Now another interesting bit of information regarding selective blindness has come to my attention – motion induced blindness. Motion induced blindness is a phenomenon where, if a person’s sight is fixated on a specific point and the background is moving, then that person may develop blind spots in the periphery of their vision. The Motorcycle Safety Foundation’s web site has a demonstration of this phenomenon at http://www.msf-usa.org/motion.html and Wikipedia provides a bit more detail at http://en.wikipedia.org/wiki/Motion-induced_blindness.
To put this in practical terms, consider a driver in a hurry who is approaching an intersection. He has visually fixated on the traffic light, hoping it doesn’t change before he gets there. Traffic is moving around him. These are ideal conditions for that driver to not even see the motorcyclist just off his front fender as he changes lanes, with predictable results.
The fact that there are explanations for such behaviour doesn’t absolve the driver from any responsibility.

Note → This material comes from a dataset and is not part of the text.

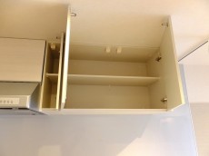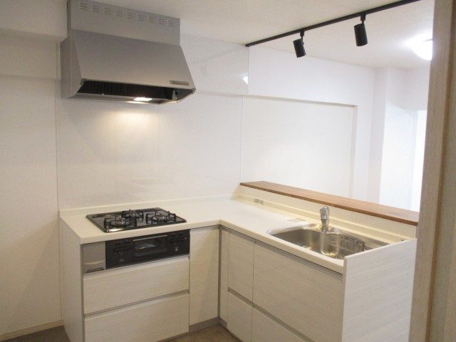 一番手前にキッチンがあります。とっても使いやすそうなL字型のキッチンは上部にも吊り棚があり、収納力も◎

However as riders we can help make ourselves more visible by knowing what is happening and why. And it turns out one of the simplest remedies is movement; lateral movement seems to be most effective in breaking through that visual trance. Just shifting lane positions when approaching intersections or when surrounded by heavy traffic is often as good as a red flag and an air horn, and certainly better than a “CAN YOU SEE ME NOW, ASSHOLE?” fluorescent green t-shirt that the zoned-out driver still won’t see.
All of which is to say, it’s a dangerous world out there, so ride safe folks!